What the exercise asks: Print the listing below verbatim, passing over each picture.

Material provided:
- - - - -
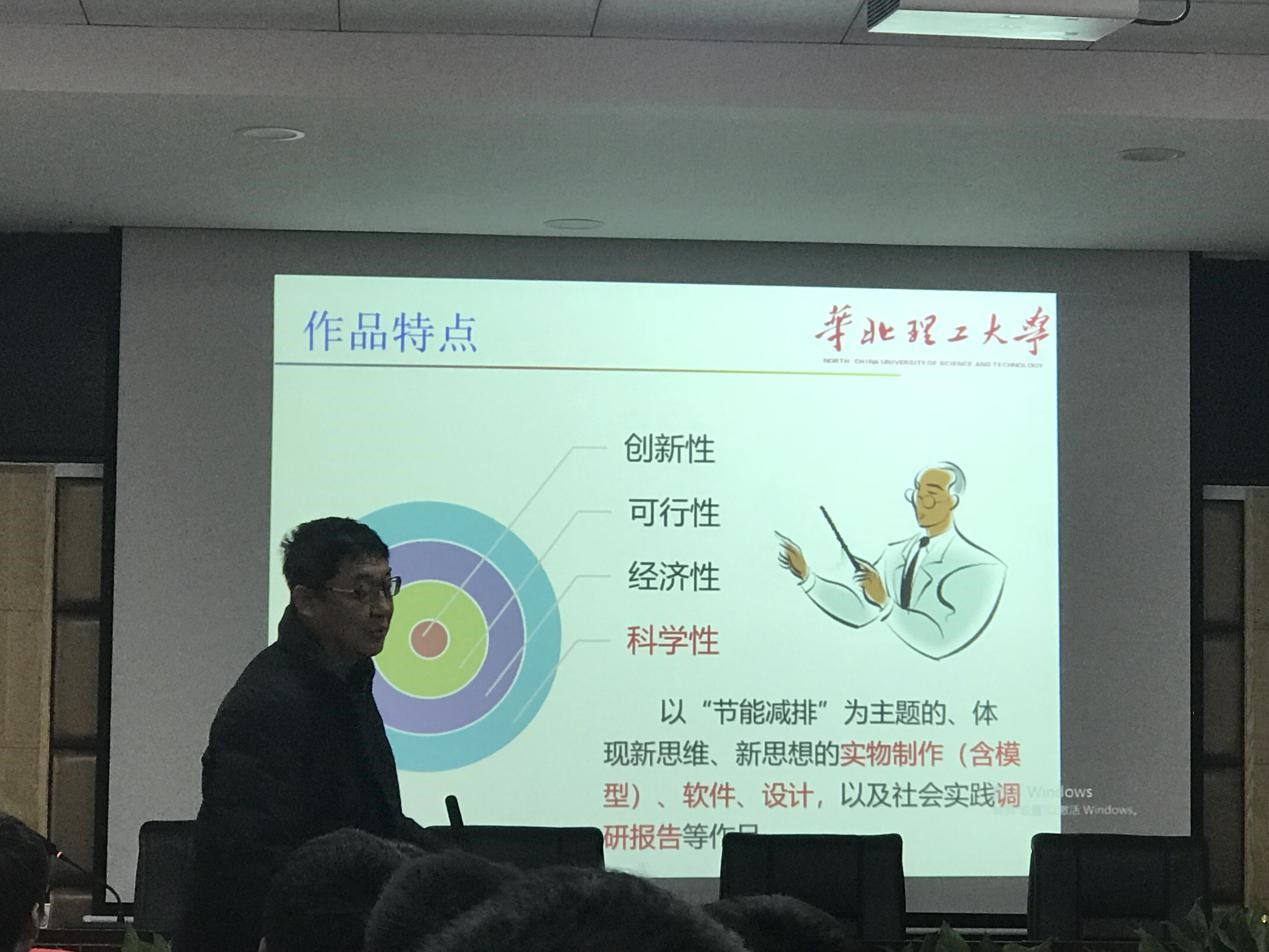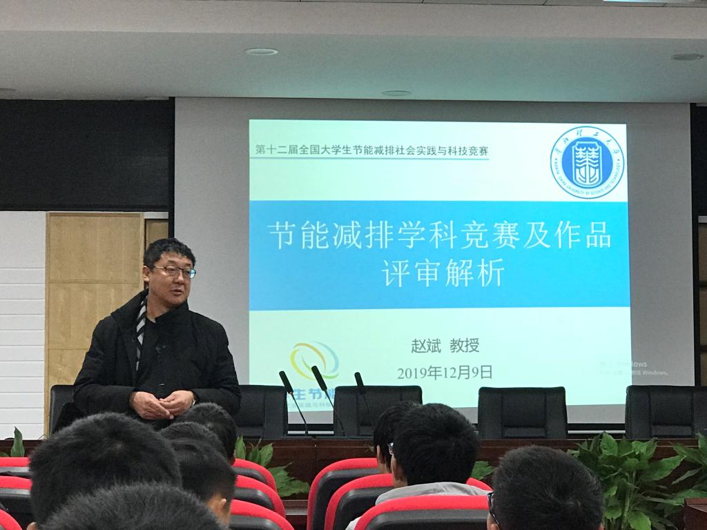 12月9日上午10:30,能动学院“节能减排大赛”作品分析讲座于新能源大楼2栋502举办,本次讲座成功邀请到了华北理工大学、全国大学生节能减排竞赛评委和专家委员会成员赵斌教授为同学们进行讲解。
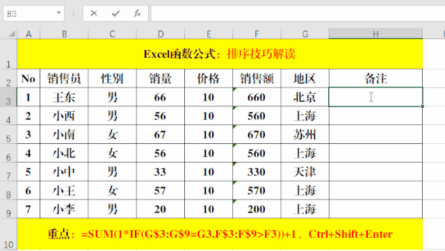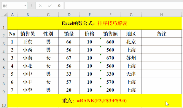 2、對每個銷售額而言,排序的范圍都是固定的,所以數(shù)據(jù)范圍(F3:F9)要用絕對引用或混合引用。
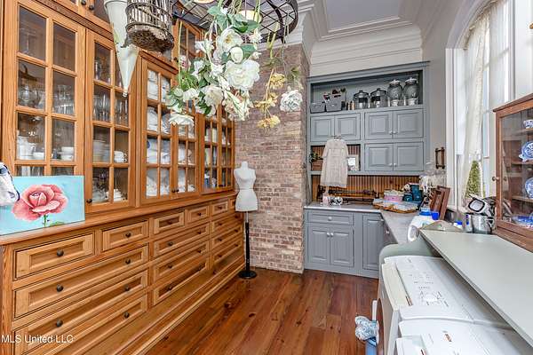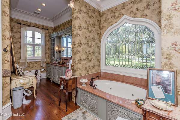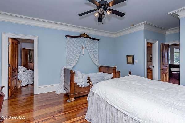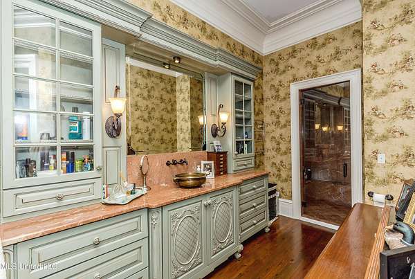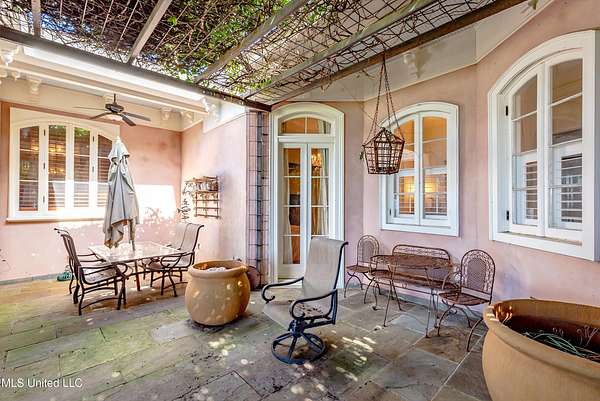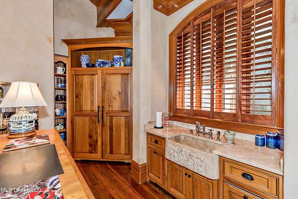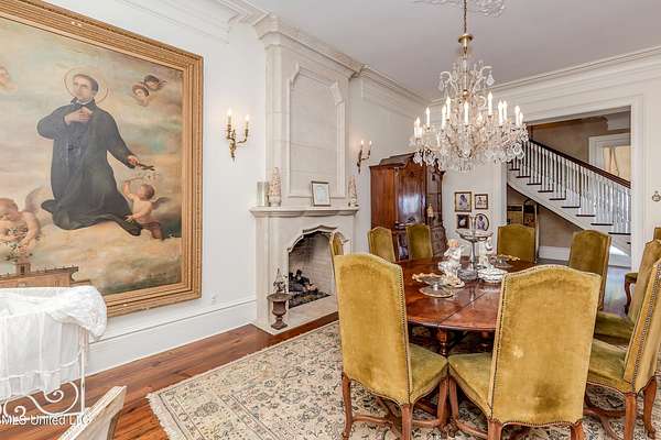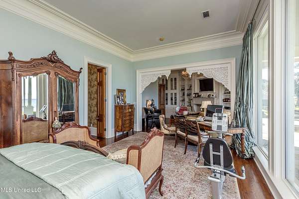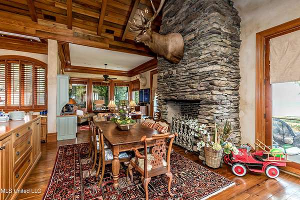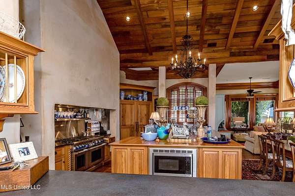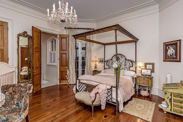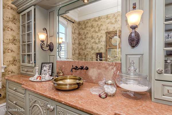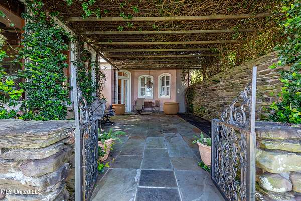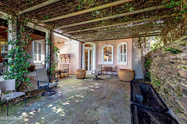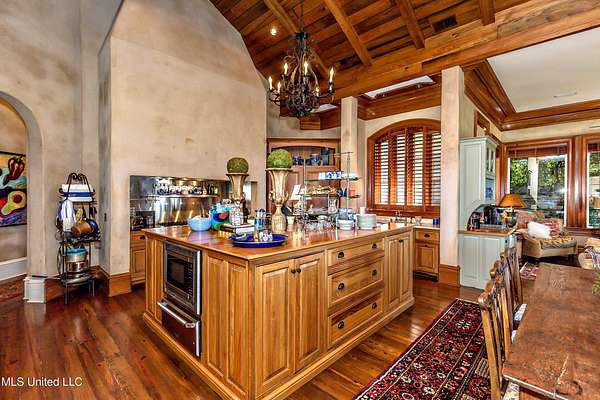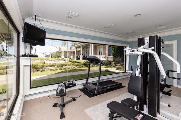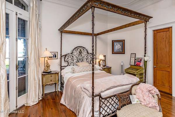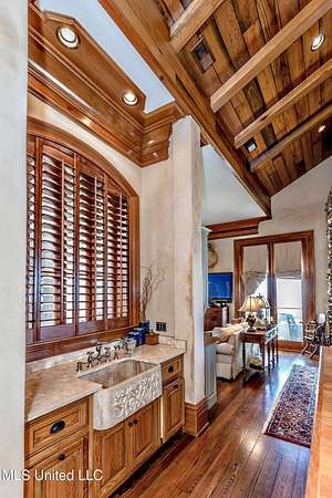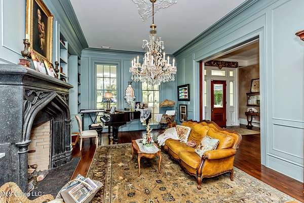 Experience timeless elegance and refined craftsmanship in this breathtaking gulf-front estate offering over 7,000 sq ft of living space on almost 4 private, gated acres. With 242' of concrete bulkhead and a 225' pier with new decking, this rare property blends world-class design, imported finishes, and modern luxuries into a truly one-of-a-kind coastal sanctuary. Grand Entry with timeless priceless chandeliers and custom stone fireplaces. The cantilevered floating spiral staircase is captivating elegance and Venetian plaster walls frame the luxury quality of the architectural New Orleans style home. 12' ceilings downstairs, 10' upstairs, with 10-12'' baseboards and 8-piece crown mouldings. Heart of Pine floors from New Orleans and antique chandeliers imported from England. Custom Sinker Cypress cabinetry, doors, and window casings throughout, including 9' Cypress doors downstairs and 7' upstairs. Corbels imported from Canada, Pennsylvania Blue Stone, and stone fireplaces (including a replica of the Biltmore fireplace imported from Asheville and a custom piece from Atlanta). Interior woodwork imported from New Orleans and St. Louis. Automatic/electric shades, wood shutters, and custom built-ins enhance every space. Chef's kitchen with commercial-grade gas stove, built-in refrigerator/freezer, vaulted Cypress ceiling, and expansive custom cabinetry. Multiple stone fireplaces, including a dramatic stacked stone centerpiece. New large theatre room (1,100 sq ft) above the garage for entertaining. Five-zone air conditioning system, all units just a few years old. 20' stacked stone wall with cascading waterfall in the private courtyard. Glass-walled gym approx (15x15) with panoramic water views. Chlorine pool, koi ponds, and new irrigation well. Outdoor lighting across the entire property creates an enchanting evening atmosphere. Three double garage doors with ample storage and access. Nearly 4 acres of gated Gulf-front land with manicured grounds and ponds. Pennsylvania Blue Stone pathways and custom outdoor living spaces perfect for entertaining. This estate is more than a residence-it is a statement of timeless luxury and unmatched craftsmanship, offering privacy, elegance, and the ultimate Gulf Coast lifestyle.
- - - - -
Result:
 12月9日上午10:30,能动学院“节能减排大赛”作品分析讲座于新能源大楼2栋502举办,本次讲座成功邀请到了华北理工大学、全国大学生节能减排竞赛评委和专家委员会成员赵斌教授为同学们进行讲解。
 2、對每個銷售額而言,排序的范圍都是固定的,所以數(shù)據(jù)范圍(F3:F9)要用絕對引用或混合引用。
 Experience timeless elegance and refined craftsmanship in this breathtaking gulf-front estate offering over 7,000 sq ft of living space on almost 4 private, gated acres. With 242' of concrete bulkhead and a 225' pier with new decking, this rare property blends world-class design, imported finishes, and modern luxuries into a truly one-of-a-kind coastal sanctuary. Grand Entry with timeless priceless chandeliers and custom stone fireplaces. The cantilevered floating spiral staircase is captivating elegance and Venetian plaster walls frame the luxury quality of the architectural New Orleans style home. 12' ceilings downstairs, 10' upstairs, with 10-12'' baseboards and 8-piece crown mouldings. Heart of Pine floors from New Orleans and antique chandeliers imported from England. Custom Sinker Cypress cabinetry, doors, and window casings throughout, including 9' Cypress doors downstairs and 7' upstairs. Corbels imported from Canada, Pennsylvania Blue Stone, and stone fireplaces (including a replica of the Biltmore fireplace imported from Asheville and a custom piece from Atlanta). Interior woodwork imported from New Orleans and St. Louis. Automatic/electric shades, wood shutters, and custom built-ins enhance every space. Chef's kitchen with commercial-grade gas stove, built-in refrigerator/freezer, vaulted Cypress ceiling, and expansive custom cabinetry. Multiple stone fireplaces, including a dramatic stacked stone centerpiece. New large theatre room (1,100 sq ft) above the garage for entertaining. Five-zone air conditioning system, all units just a few years old. 20' stacked stone wall with cascading waterfall in the private courtyard. Glass-walled gym approx (15x15) with panoramic water views. Chlorine pool, koi ponds, and new irrigation well. Outdoor lighting across the entire property creates an enchanting evening atmosphere. Three double garage doors with ample storage and access. Nearly 4 acres of gated Gulf-front land with manicured grounds and ponds. Pennsylvania Blue Stone pathways and custom outdoor living spaces perfect for entertaining. This estate is more than a residence-it is a statement of timeless luxury and unmatched craftsmanship, offering privacy, elegance, and the ultimate Gulf Coast lifestyle.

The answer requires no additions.